Judge Viktor Danilkin resented having to take orders from above during the trial of the former tycoon, Natalya Vasilyeva told Russian media.
The judge denied her allegations, describing them as slander.
The trial for fraud of Khodorkovsky and his business partner Platon Lebedev was widely condemned abroad as unfair.
Already in detention since 2003, he was sentenced to a further six years in prison and is not now due for release until 2017.
Under Russian law, it is for the judge alone to write his verdict, without any interference by other members of the judiciary.
According to Ms Vasilyeva, Judge Danilkin was indignant at having to take orders and was anxious and irritable because of it.

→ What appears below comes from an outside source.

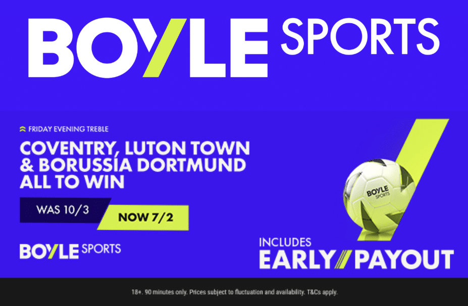 The BoyleSports price boost for Friday night is Coventry, Luton, and Borussia Dortmund all to win, and it has been boosted from 10/3 to 7/2.

When asked for confirmation of what she had reportedly told Russian media, Ms Vasilyeva's office said she was on holiday.
'Total control'
Speaking to Russian gazeta.ru, a widely read liberal Russian newspaper, she said that the judge had been under "total control", constantly receiving instructions from the Moscow City Court.
Judge Danilkin began writing the sentence but it did not please his superiors, she said.

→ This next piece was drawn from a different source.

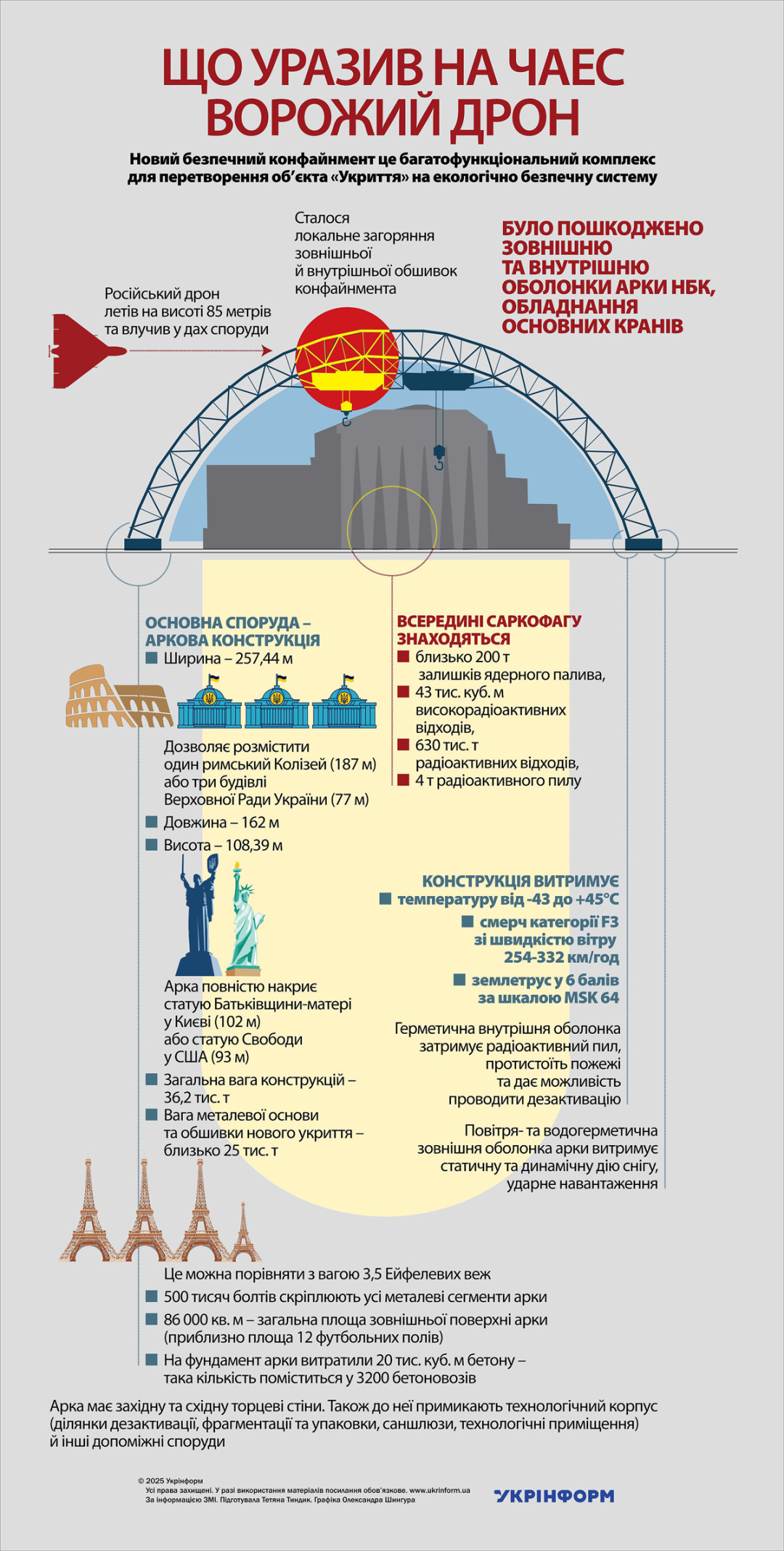 Було пошкоджено зовнішню та внутрішню оболонку (обшивку) арки НБК та обладнання основних кранів

"As a result he received a different verdict which he was obliged to read out," she told gazeta.ru.
"I know for a fact that the sentence was brought from Moscow City Court," she said.

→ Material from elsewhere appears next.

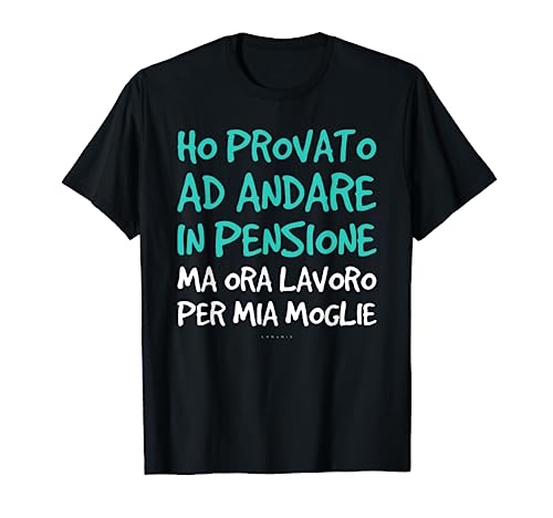 Shirt design: Ho provato ad andare in pensione ma ora lavoro per mia moglie. Magliette a manica corta con scritte divertenti e frasi ironiche e simpatiche sulla pensione. Magliette per uomo e ragazzo. Marca LUMOMIX.

"And it is obvious that it was written by criminal case appeal judges, that's to say, by Moscow City Court judges."
Ms Vasilyeva said she knew the judges' names but preferred not to give them.
The part of the verdict dealing with sentencing was delivered to Judge Danilkin while he was still reading out the verdict, she added.
Ms Vasilyeva said her information came from "people close to the judge" but she was unable to say how the alleged additional parts of the sentence were passed to the judge.
She said her duties at Moscow's Khamovnichesky Court, where the trial took place, were assistant to the judge and court press secretary.
She told gazeta.ru she did not expect to continue in her post at the court after the interview.
'Nothing but slander'
Responding to his assistant's allegations, Judge Danilkin told Russia's Itar-Tass news agency: "I am sure that the statement by Natalya Vasilyeva is nothing but slander and can be denied through a legal process."
Moscow City Court spokeswoman Anna Usacheva described Ms Vasilyeva's comments as a "provocation" and a "well-planned PR act" ahead of the court's review of an appeal of the verdict.
"I am sure that Natalya Vasilyeva will yet renounce her comments," Ms Usacheva added.
Khodorkovsky, once seen as a political threat to former President Vladimir Putin, was found guilty along with Lebedev at the end of December of stealing billions of dollars from their own oil firm, Yukos, and laundering the proceeds.
The defence had argued that the charges were absurd since the amount of oil said to have been embezzled would be equivalent to the entire production of Yukos in the period concerned.
The US state department said at the time that Washington was concerned by the apparent "abusive use of the legal system for improper ends, particularly now that Khodorkovsky and Lebedev have been sentenced to the maximum penalty".